[Information]:
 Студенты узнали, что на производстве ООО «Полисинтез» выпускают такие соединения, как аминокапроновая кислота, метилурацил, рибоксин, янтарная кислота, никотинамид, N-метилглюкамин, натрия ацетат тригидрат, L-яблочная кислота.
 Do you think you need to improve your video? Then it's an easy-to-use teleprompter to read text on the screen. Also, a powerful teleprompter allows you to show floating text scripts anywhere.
--
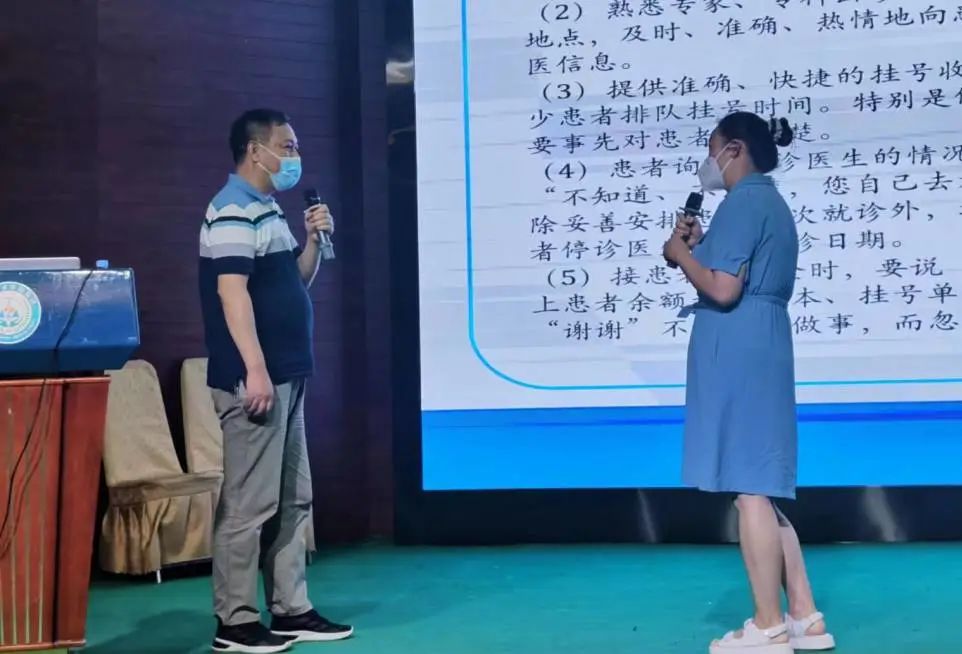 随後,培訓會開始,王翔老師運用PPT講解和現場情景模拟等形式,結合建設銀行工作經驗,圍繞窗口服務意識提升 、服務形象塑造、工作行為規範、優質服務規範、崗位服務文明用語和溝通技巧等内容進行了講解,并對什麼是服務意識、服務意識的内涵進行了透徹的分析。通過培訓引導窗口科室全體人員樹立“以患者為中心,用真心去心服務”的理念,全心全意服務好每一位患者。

[Exercise brief]: Among the entries above, copy exactly only the lines starting with the one containing "Студенты узнали, что" and going through the one containing "Do you think", both ends included.

[Answer to this task]:
 Студенты узнали, что на производстве ООО «Полисинтез» выпускают такие соединения, как аминокапроновая кислота, метилурацил, рибоксин, янтарная кислота, никотинамид, N-метилглюкамин, натрия ацетат тригидрат, L-яблочная кислота.
 Do you think you need to improve your video? Then it's an easy-to-use teleprompter to read text on the screen. Also, a powerful teleprompter allows you to show floating text scripts anywhere.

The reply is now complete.